# Summer Time Hogs



## FrChs28 (Mar 29, 2019)

Okay, I hogs hunted for the first time last month in Oaky Woods and Ocmulgee. While I didn't score, I learned a lot. And I'm itching to get back. Next chance for me would be small game in August. I'm assuming it will be brutal with heat and bugs. Weapon I'm assuming would be limited to rimfire ? Or Archery perhaps. Not sure, I searched the Regs. and couldn't confirm. Any tips or opinions are greatly appreciated.


----------



## Jimmymorgan (Mar 29, 2019)

I think all the wma's in Georgia have hog/coyote hunting in the middle of May unless they are posted in the regulation book . Hopefully that gives you a starting point.


----------



## chase870 (Mar 30, 2019)

Bug spray or a thermacell and snake legging


----------



## FrChs28 (Mar 30, 2019)

Jimmymorgan said:


> I think all the wma's in Georgia have hog/coyote hunting in the middle of May unless they are posted in the regulation book . Hopefully that gives you a starting point.


I had wanted to do the May hunt, but I can't make it down that Month. Would have preferred that hunt rather than August.


----------



## FrChs28 (Mar 30, 2019)

chase870 said:


> Bug spray or a thermacell and snake legging


I usually treat my clothes with Permethrin, and spray with the old deep woods off.
I tried the Thermacell in N.C but the mosquitos were actually flying around it. Not sure if the unit was working correctly.


----------



## Bobby Linton (Mar 30, 2019)

FrChs28 said:


> I usually treat my clothes with Permethrin, and spray with the old deep woods off.
> I tried the Thermacell in N.C but the mosquitos were actually flying around it. Not sure if the unit was working correctly.


Something was wrong.  They absolutely work.  Best invention since toilet paper.  No joke.


----------



## model88_308 (Mar 30, 2019)

^^^ True Dat!!


----------



## FrChs28 (Mar 30, 2019)

Bobby Linton said:


> Something was wrong.  They absolutely work.  Best invention since toilet paper.  No joke.


I’ll have to give it another try then.
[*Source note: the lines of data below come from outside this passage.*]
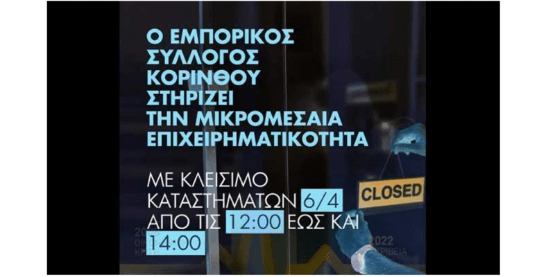 Ο Εμπορικός Σύλλογος Κορίνθου, εκφράζοντας την έντονη αγωνία του εμπορικού κόσμου της πόλης μας για τις αρνητικές εξελίξεις στην οικονομία και στην επιχειρηματικότητα, δηλώνει την δυναμική παρουσία του στις κινητοποιήσεις της Τετάρτης 6 Απριλίου 2022, συμμετέχοντας στη διαμαρτυρία έξω από τα γραφεία της ΔΕΗ στην Κόρινθο (από κοινού με το Εργατικό Κέντρο και την ΟΕΒΕ) καθώς και με δίωρη στάση εργασίας και κλείσιμο μαγαζιών από τις 12:00 έως και τις 14:00.Στο πλαίσιο αυτό καλεί όλα τα μέλη του να διαμαρτυρηθούν για τις επιπτώσεις που εξακολουθούν να πλήττουν τον εμπορικό κλάδο, αντιδρώντας αποφασιστικά στα μέτρα της κυβέρνησης τα οποία για άλλη μια φορά δεν καθίστανται ικανά να στηρίξουν μεσοπρόθεσμα τη βιωσιμότητα των επιχειρήσεων μας.Συνάδελφοι,Βιώνουμε σε καθημερινή βάση το κύμα ακρίβειας σε βασικά είδη διατροφής και στην ενέργεια, το οποίο πλήττει ολόκληρο τον κοινωνικό και τον επιχειρηματικό ιστό της χώρας. Ο επιχειρηματικός κόσμος για άλλη μια φορά «πληρώνει το μάρμαρο», καθώς η ραγδαία αγοραστική δύναμη των νοικοκυριών μεταφράζεται σε εκθετικά κλιμακούμενη πτώση του τζίρου των εμπορικών επιχειρήσεων, η οποία με μαθηματική ακρίβεια οδηγεί τις επιχειρήσεις μας στο λουκέτο και τους εργαζομένους μας στην ανεργία.Σας καλούμε όλους και όλες να στηρίξετε τη σύσσωμη κινητοποίηση της πόλης μας,
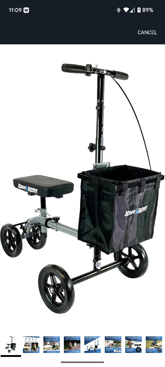 Selling a KneeRover knee walker. It's in great condition and ready to help you get around while recovering from a leg injury. It comes with a handy basket for carrying your essentials. This was used for about a month only.
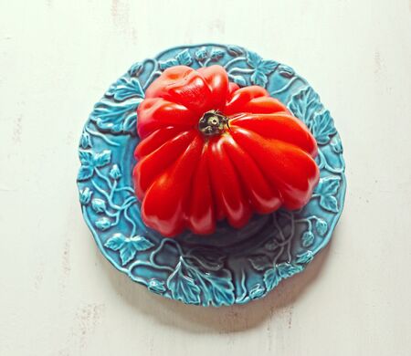 Beef heart tomato on a blue plate
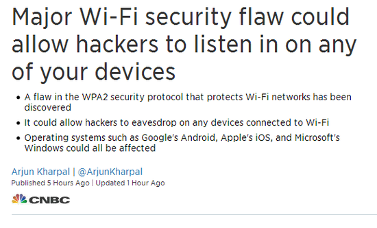 比利时研究人员表示,用于保护WiFi网络安全的保护机制(也就是WPA2安全加密协议)已经被黑客攻破,安全专家Mathy Vanhoef表示:“该漏洞影响了许多操作系统和设备,包括Android,Linux,Apple,Windows等。”这说明几乎在一夜之间,你能连上的WiFi,包括你自家的路由器,全部都处于风险之中,你的网银、账户密码、聊天记录、照片、电子邮件等都有可能被黑客窃取,最安全的方法当然是不用WiFi,完全依靠4G流量上网,不过这显然不是什么长久之计,等待科技公司发布补丁并更新才能确保网络安全,包括微软、谷歌、苹果等发布的系统更新和路由器厂商发布的固件更新。

I did use snake chaps last time, but it was not too warm out so didn’t run into snakes. Good to play it safe though. Still not sure what weapons are allowed.


----------



## Hillbilly stalker (Mar 30, 2019)

Seen 2 snakes today


----------



## Danny Leigh (Mar 31, 2019)

FrChs28 said:


> I’ll have to give it another try then. I did use snake chaps last time, but it was not too warm out so didn’t run into snakes. Good to play it safe though. Still not sure what weapons are allowed.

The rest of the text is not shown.